* **Exercise instructions**:
Every line of the listing below should be written out exactly, minus its images.

* **Dataset section**:
○ ○ ○ ○ ○ ○ ○
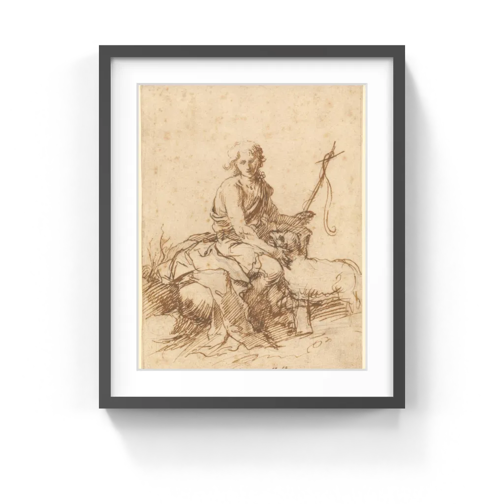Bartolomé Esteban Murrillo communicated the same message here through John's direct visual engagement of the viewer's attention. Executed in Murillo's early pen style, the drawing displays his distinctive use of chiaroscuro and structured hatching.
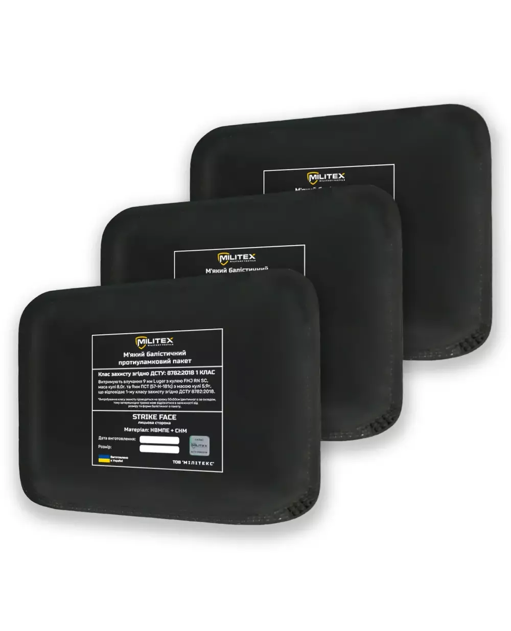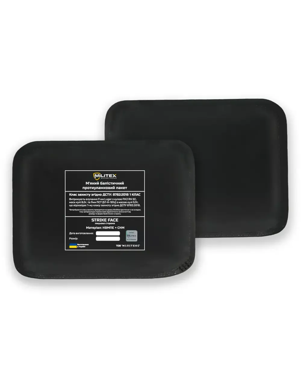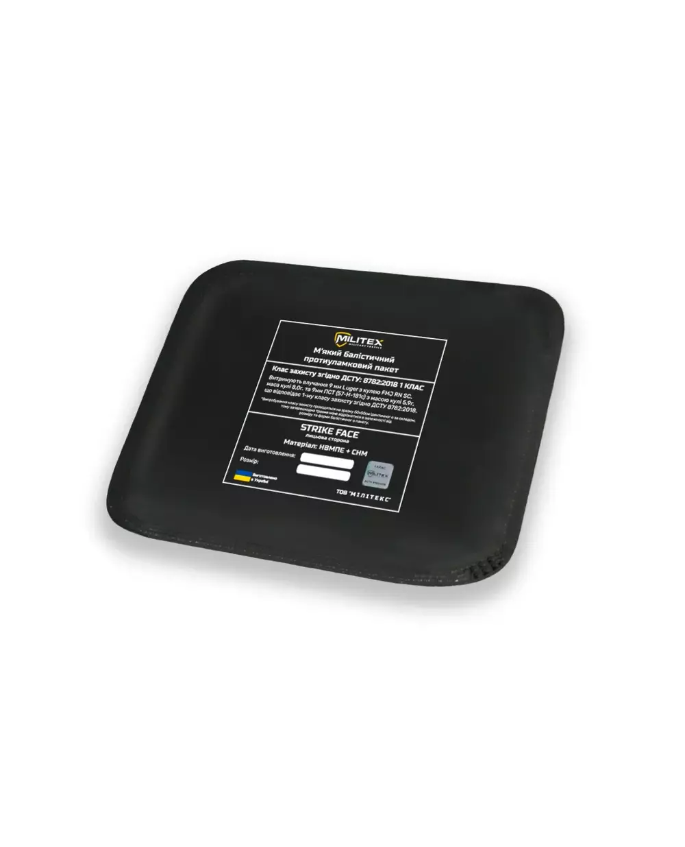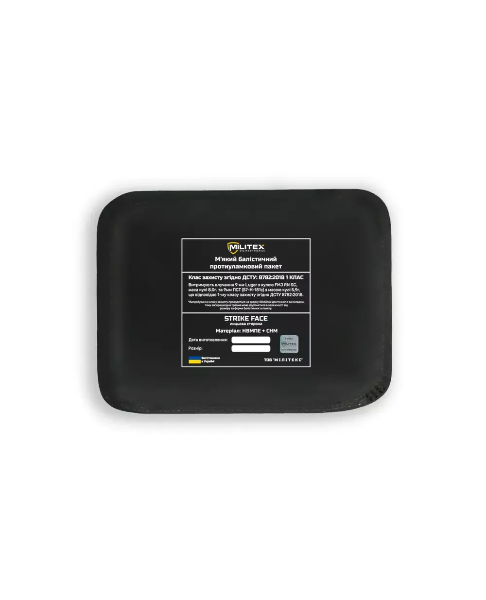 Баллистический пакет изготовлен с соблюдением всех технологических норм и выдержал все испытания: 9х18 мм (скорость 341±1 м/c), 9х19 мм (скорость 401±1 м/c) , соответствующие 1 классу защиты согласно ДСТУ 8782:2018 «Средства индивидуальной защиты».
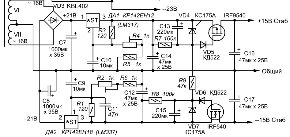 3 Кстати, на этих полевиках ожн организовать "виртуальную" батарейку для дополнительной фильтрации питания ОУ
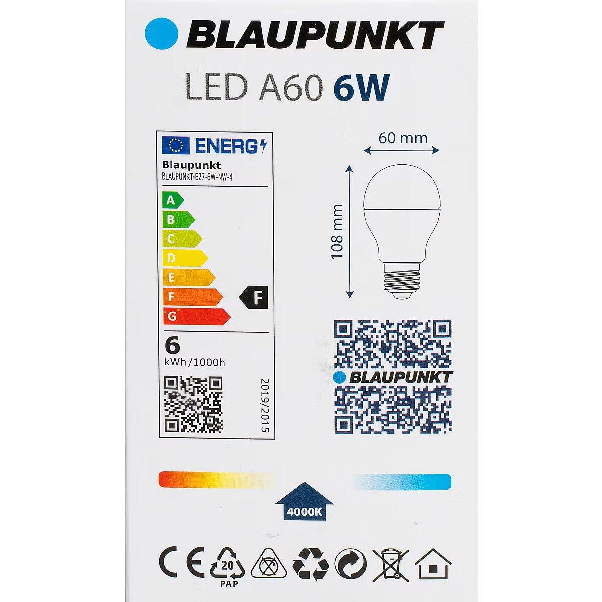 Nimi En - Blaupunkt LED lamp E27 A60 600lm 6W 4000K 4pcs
○ ○ ○ ○ ○ ○ ○
* **Exercise answer**:
Bartolomé Esteban Murrillo communicated the same message here through John's direct visual engagement of the viewer's attention. Executed in Murillo's early pen style, the drawing displays his distinctive use of chiaroscuro and structured hatching.
 Баллистический пакет изготовлен с соблюдением всех технологических норм и выдержал все испытания: 9х18 мм (скорость 341±1 м/c), 9х19 мм (скорость 401±1 м/c) , соответствующие 1 классу защиты согласно ДСТУ 8782:2018 «Средства индивидуальной защиты».
 3 Кстати, на этих полевиках ожн организовать "виртуальную" батарейку для дополнительной фильтрации питания ОУ
 Nimi En - Blaupunkt LED lamp E27 A60 600lm 6W 4000K 4pcs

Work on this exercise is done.